Statistical Methods for Association Mapping
This course will introduce association mapping and the statistical methods and computational techniques needed. The course will be based on chapters 7, and 8 of the book Association Mapping in Plants, together with case studies of recent large scale case-control studies of human disease.
Association mapping is a gene mapping method based on detecting and utilising population-level associations — i.e. non-independence or `linkage disequilibrium' between genetic loci, e.g. between DNA markers and traits of interest. There is interest in using association mapping to find genetic loci associated with variation in complex traits and diseases.
The advent of dense maps (e.g. 500,000 or more) of SNP markers covering the genome, and technologies for screening large numbers of markers per individual is leading to generation of vast amounts of genomic data. However, obtaining useful information from the data is non-trivial, and many published associations are spurious. Statistical methods for analysing the data will be presented. Experimental designs with sufficient power, to overcome the low prior odds for genomic associations, are equally vital. The course will introduce methods and software for ensuring designs have sufficient power to obtain reasonable posterior odds for associations.
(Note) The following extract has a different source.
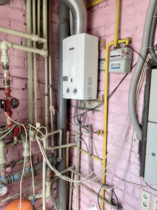 В доме 2-х контурный котел+ газовая колонка,сигнализация.

The basic concepts of Bayesian statistics, and how to use them for testing scientific hypotheses will be introduced. This will enable computation of posterior probabilities for scientific hypotheses. A range of techniques including analytical approximate methods, conjugate prior distributions and MCMC sampling will be introduced. Bayesian computations for case studies will be demonstrated and compared with classical `frequentist' inference based on p-values, which will be shown to be particularly problematic in a genomics context.
The R system for data analysis and graphics and the BUGS system will be introduced, and the required computations demonstrated. R functions and libraries (ldDesign) will be provided.
The course will start from first principles of Bayesian statistics. Knowledge of the basics of calculus (differentiation, integration), matrix algebra, and probability theory will be an advantage. Basic knowledge of genetics (e.g. Mendelian inheritance, heritability) will also be an advantage. The course will aim to cater for both biologically and statistically oriented students.